In man’s mundane mental world there is no creation sans imitation –
which is why to some, it is so redundant, boring and unenlightening,
and which is how routine minds are kept from disintegrating.
 

Outer physical reality has a natural consistency upon which man unthinkingly relies;
his inner mental reality, upon which he also much depends,
has no such inherent coherence.
A man knows that the rocks in his yard will be the same today as they were yesterday, as will their atoms,
but from one day --  one minute to the next,
he has no such assurance that his wife’s attitude, or even his own,
will be likewise concordant.
 

Outer reality has a natural consistency;
man’s inner reality has none --  it must be begot,
and in this mental realm there is no creation sans imitation:
an arrangement that both allows for change
while not severely disturbing the status quo,
but the only part of that of interest to the few is the fact that
it restricts change --  and thus the explosive mental expansion they crave.
 

In the normal play of man’s inner reality there neither is, nor can there be
anything literally original, and ergo, truly creative;
everything new is derivative --  an altered imitation of something extant;
the actions of atoms are consistent from moment to moment by nature,
while those of men’s verbalized thoughts
(the only ones of even apparent significance in their lives)
seem so only by the repetitive use of familiar ones.
In the Arts periodically pops up attempted resistance via
painting that represents nothing in the outer reality;
music not confined to local scales and harmony;
writing that is gibberish and nonsensical,
but such are mere momentary notorieties and never become accepted;
                                         the familiar marches on.
 
 

Everyone is in favor of this;
no one wants to wake up every day not knowing if
water will still be flowing downhill and out their showerhead;
or if electrons will still be acting in such a way as to heat their toaster,
or if the personality of the person they went to bed with last night
will be the same one they find their self faced with in the morning;
nothing would destroy a man’s sanity faster than being in a world in which
everything he expected to happen --  failed to,
and the only world in which this treat exists is man’s mental one:
thus the overriding importance that everything which asserts  --  creative,
                                                     be in large --  imitative.
 
 

The mundane world’s so-called “thinkers” amount to this:
Amateur painters in the Louvre, making copies of the Old Masters --
….‘cept in this instance, there are no actual Masters --  only the amateurs.
The only artists shown in established galleries are those of the
Ouroboros School, (cannibalria generalus; plagiarirus incestius),
and by so doing is the public spared disruptive outrage,
and the march of progress kept civilized.
 
 

But the few born in a straightjacket,
who feel they are living in a fog which those around them do not notice,
they cannot tolerate an inner reality so constricted;
to realize their special aim requires unfettered creativity in thought,
but there is none to be found  --   not outside their self –
not out there amidst everyone else in the parade.
The degree of creative thought they actually need to reach their goal
would be thought totally unconnected to any thought they had ever had before --   which seems literally impossible given the physical dimensions of this universe
(as perceivable by mortal minds, at least);
there is no such thing as a thought that is totally independent from every other thought ever thought, but by god that is precisely what it takes to
ever awaken yours from the ignis fatuus realm in which it is now stifled.

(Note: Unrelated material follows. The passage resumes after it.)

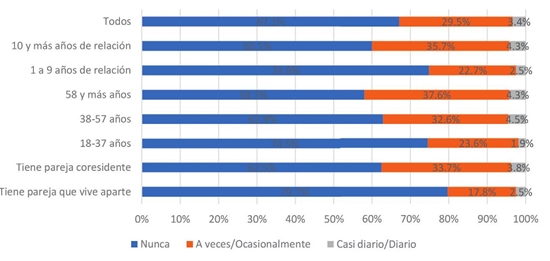 Las tecnologías asociadas a Internet han abierto oportunidades para la gestión de encuentros sexuales con desconocidos (aplicaciones de citas y redes sociales principalmente), o para interactuar sexualmente cuando las parejas están separadas geográficamente (por ejemplo, a través de chats eróticos o videollamadas sexuales). Internet, durante el periodo de la pandemia, ha sido un medio para mantener intimidad sexual a pesar de la distancia. En una pregunta sobre la experiencia de usos más frecuentes de Internet en el que se plantearon catorce respuestas predefinidas, se incorporaron dos respuestas sobre usos sexuales que registraron un porcentaje de selección baja entre los encuestados. Solo el 9.9% de los respondientes seleccionó ver pornografía en Internet, mientras solo el 2.5% eligió tener cibersexo. Estos datos nos permiten afirmar que los usos sexuales de Internet no fueron casi elegidos por la muestra estudiada (en este caso, compitiendo con otras clases de usos más comunes o menos estigmatizados). No obstante, es interesante observar las diferencias por sexo. En el caso de los hombres, el 23.7% seleccionó ver pornografía en Internet, frente al 4.4% de las mujeres. También los jóvenes seleccionaron esta respuesta con mayor frecuencia (14.3) con respecto a los otros grupos de edad (6.5 en adultos medios y 7.5 en adultos mayores). Curiosamente, en lo que corresponde a tener cibersexo, esta respuesta fue seleccionada ligeramente más por mujeres (2.8%) que por hombres (1.9%), pero no es un resultado definitivo.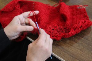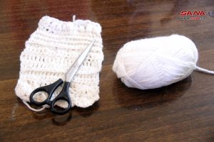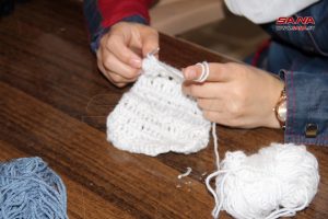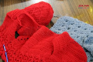 المدربة عائدة الفشتكي ذكرت “نساعد النساء على تعلم مهنة من خلال تدريبهن على حياكة الصوف بسنارة واحدة أو سنارتين ومساعدتهن على إعالة أسرهن”.

It is necessary --  yet seemingly not possible;
how can you have some thought that is not at least partially imitative-of,
and connected-to thoughts which men have already had?
It really does sound impossible  --   until you consider it more carefully;
what kinda of thought COULD be completely unrelated to any thought
you or anyone else has ever had before? --  what possible kind?! –
but there is one,
and its operational reality is coded in the very sentence
rhetorically questioning the possible existence of such:

                           The thought is right there amidst that jumble of words;
                                   grab it!  --  it’s the only creative one there is.
 
                                                                  J
 
 
 
 
 
 

What kind of snake indeed could swallow itself so completely that not nothing is left --
rather the full explanation of its prior apparent existence?
 
 
 
 
 

  …...caveat non compos goobers.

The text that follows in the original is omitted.